** Assigned task **
Every line below should come back exactly as written, though the pictures stay out.

:: Data

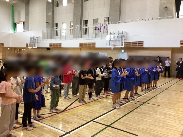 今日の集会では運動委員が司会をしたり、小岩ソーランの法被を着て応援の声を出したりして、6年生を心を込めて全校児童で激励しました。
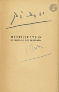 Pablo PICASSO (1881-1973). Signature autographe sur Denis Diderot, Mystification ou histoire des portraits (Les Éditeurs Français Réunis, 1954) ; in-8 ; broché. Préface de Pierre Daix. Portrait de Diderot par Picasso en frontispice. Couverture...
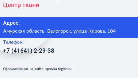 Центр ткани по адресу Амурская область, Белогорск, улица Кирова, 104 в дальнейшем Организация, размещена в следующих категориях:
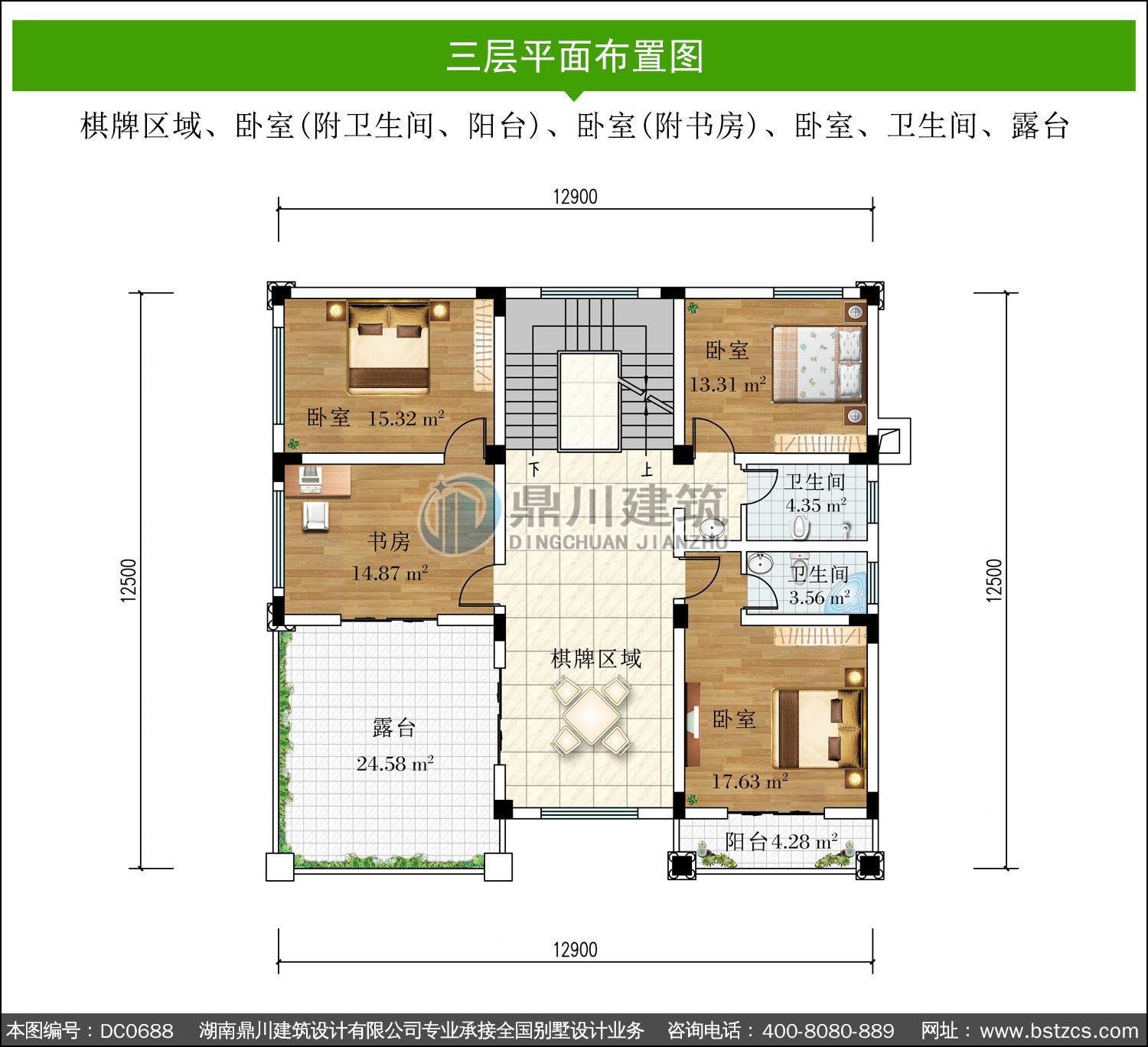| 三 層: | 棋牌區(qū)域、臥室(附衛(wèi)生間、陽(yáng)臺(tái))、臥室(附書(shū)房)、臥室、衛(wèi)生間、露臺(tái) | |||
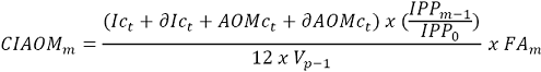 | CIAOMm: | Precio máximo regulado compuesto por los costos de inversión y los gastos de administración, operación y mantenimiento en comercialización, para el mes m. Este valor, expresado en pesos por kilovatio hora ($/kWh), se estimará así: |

::::

** Exercise solution **
 今日の集会では運動委員が司会をしたり、小岩ソーランの法被を着て応援の声を出したりして、6年生を心を込めて全校児童で激励しました。
 Pablo PICASSO (1881-1973). Signature autographe sur Denis Diderot, Mystification ou histoire des portraits (Les Éditeurs Français Réunis, 1954) ; in-8 ; broché. Préface de Pierre Daix. Portrait de Diderot par Picasso en frontispice. Couverture...
 Центр ткани по адресу Амурская область, Белогорск, улица Кирова, 104 в дальнейшем Организация, размещена в следующих категориях:
| 三 層: | 棋牌區(qū)域、臥室(附衛(wèi)生間、陽(yáng)臺(tái))、臥室(附書(shū)房)、臥室、衛(wèi)生間、露臺(tái) | |||
 | CIAOMm: | Precio máximo regulado compuesto por los costos de inversión y los gastos de administración, operación y mantenimiento en comercialización, para el mes m. Este valor, expresado en pesos por kilovatio hora ($/kWh), se estimará así: |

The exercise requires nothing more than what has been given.